Si alzò senza darmi il tempo di aggiungere nulla e si avviò lungo il corridoio della casa. Mi alzai e mi
affrettai a seguirla. Sculettava come un’oca, da giovane probabilmente aveva fatto bollire il sangue di
tanti. Arrivammo davanti a una porta di legno, lei tirò fuori una chiave e l’aprì. C’era un letto attaccato
al muro, un armadio e una scrivania. Una finestra dava sui lungarni, in direzione del mare. Non era così
male.
«Posso avere una chiave?» Le chiesi. Lei estrasse la sua dal suo mazzo e me la consegnò, dicendomi che
avrei dovuto fare al più presto una copia per consegnarla a lei che doveva pulire e quando doveva pulire
non le importava che io dormissi o scopassi con una o con uno, anche questo le importava poco, lei
doveva entrare e pulire e non sarebbe stata ad aspettare me.
Quando la donna tornò in cucina io sistemai la mia roba. Mi ripromisi di passare i prossimi tre mesi
resistendo, per poi andarmene davvero sulla strada. A Parigi c’erano degli amici, sarebbe diventata
quella la mia meta. Ero senza speranze.
Dopo aver sistemato tutto andai in cucina, chiesi del bagno alla vecchia e mi feci la prima pisciata nella
mia nuova casa. Ora ero curioso di conoscere quel signor Marquez a cui avrei dovuto preparare la
colazione domenicale per almeno i prossimi tre mesi della mia vita. Ma che poi che mangiava quel
signor Marquez? Perché con una fetta biscottata si potevano risolvere molte cose. Le chiesi se potevo
conoscerlo e mi disse di no perché stava guardando la Tv e non andava disturbato mentre guardava la
Tv. «La Tv?» le chiesi io, «ma è cieco». Ma a lui andava bene così, mi disse lei. Era il suo rito. Il
maledetto stupido rito di un vecchio cieco.
«Ragazzo devi avere un po’ di pazienza, poi ti abituerai.»

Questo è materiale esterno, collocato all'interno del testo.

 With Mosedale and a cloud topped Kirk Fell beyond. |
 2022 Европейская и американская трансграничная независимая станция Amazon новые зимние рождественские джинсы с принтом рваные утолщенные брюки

Lo speravo, anche se non ero così fiducioso come la vecchia. Ero scappato di casa per fuggire a degli
orari che mi venivano imposti e mi ritrovavo impigliato in altri orari, diversi, ma sempre imposti.
Doveva essere un qualche scherzo del destino.

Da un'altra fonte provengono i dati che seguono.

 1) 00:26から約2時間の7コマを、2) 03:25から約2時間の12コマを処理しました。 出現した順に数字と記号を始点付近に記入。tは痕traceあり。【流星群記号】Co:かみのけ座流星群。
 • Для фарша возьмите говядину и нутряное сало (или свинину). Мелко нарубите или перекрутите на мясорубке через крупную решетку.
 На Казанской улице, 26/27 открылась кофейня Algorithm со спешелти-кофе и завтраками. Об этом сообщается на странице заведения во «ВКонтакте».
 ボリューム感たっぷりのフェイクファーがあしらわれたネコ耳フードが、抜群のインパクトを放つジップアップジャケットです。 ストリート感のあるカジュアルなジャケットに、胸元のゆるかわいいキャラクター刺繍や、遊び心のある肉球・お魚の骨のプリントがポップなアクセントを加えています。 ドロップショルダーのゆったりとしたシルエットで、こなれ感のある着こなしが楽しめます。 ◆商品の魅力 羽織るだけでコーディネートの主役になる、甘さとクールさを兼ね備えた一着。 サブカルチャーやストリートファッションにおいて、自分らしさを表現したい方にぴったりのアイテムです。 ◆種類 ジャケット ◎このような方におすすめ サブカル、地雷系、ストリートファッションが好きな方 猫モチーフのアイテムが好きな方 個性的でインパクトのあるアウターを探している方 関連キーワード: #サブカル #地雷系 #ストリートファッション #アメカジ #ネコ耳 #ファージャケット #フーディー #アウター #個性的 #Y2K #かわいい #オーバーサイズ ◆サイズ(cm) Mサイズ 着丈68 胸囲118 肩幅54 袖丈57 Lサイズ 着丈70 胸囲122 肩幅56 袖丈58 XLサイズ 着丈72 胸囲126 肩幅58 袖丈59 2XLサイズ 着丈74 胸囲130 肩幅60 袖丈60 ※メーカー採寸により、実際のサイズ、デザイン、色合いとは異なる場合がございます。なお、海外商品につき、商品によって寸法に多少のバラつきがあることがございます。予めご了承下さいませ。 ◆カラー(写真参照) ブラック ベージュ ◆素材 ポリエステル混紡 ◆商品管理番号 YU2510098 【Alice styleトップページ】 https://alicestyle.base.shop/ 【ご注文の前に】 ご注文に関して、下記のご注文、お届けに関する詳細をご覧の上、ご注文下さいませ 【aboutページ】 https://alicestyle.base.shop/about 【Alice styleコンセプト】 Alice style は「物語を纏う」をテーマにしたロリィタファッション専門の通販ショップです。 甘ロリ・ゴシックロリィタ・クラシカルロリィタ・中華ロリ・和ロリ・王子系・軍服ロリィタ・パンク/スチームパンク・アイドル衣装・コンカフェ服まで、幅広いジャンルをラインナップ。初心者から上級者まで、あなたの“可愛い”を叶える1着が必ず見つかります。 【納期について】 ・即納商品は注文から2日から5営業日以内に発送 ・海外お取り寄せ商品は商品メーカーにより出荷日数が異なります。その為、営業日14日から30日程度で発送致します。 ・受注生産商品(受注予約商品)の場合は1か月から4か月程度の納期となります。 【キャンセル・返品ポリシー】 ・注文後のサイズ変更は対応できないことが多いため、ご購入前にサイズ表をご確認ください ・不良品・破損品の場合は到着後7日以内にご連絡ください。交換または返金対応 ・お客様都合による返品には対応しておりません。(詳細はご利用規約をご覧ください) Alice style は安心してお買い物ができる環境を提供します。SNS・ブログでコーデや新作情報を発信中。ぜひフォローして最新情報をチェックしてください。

Me ne andai in camera mia e mi misi a sedere alla scrivania, presi il computer, lo accesi e aprii il
programma di scrittura. Ma non avevo nulla da dire e mi sentivo un po’ confuso, come se tutto quello
che stava accadendo fosse surreale e quasi un sogno. Forse perché andarsene di casa non è poi così
semplice come si pensa da ragazzi. Anzi, a dirla tutta è un po’ un gran bel casino. Il giorno prima hai
qualcuno che ti rifà il letto e ti lava le mutande, il giorno dopo le mutande te le devi lavare da solo, e
come puzzano! Cazzo come puzzano, specialmente quando sei giovane e funziona tutto come deve.
Quando scoppi di ormoni e la vita non ti basta mai e ne vuoi sempre di più.
Non ti basta mai nulla e tutto quello che puoi avere è quella leggera insoddisfazione che in qualsiasi caso
ti accompagna, giorno dopo giorno. Lasciai lì il computer acceso e mi misi sul letto con Kerouac. Quel
giorno avevo poco o nulla da fare, la mia unica missione sarebbe stata solo conoscere quel misterioso
Signor Marquez e scoprire cosa mangiasse di solito a colazione.
Iniziai a leggere e mi ritrovai sulla strada.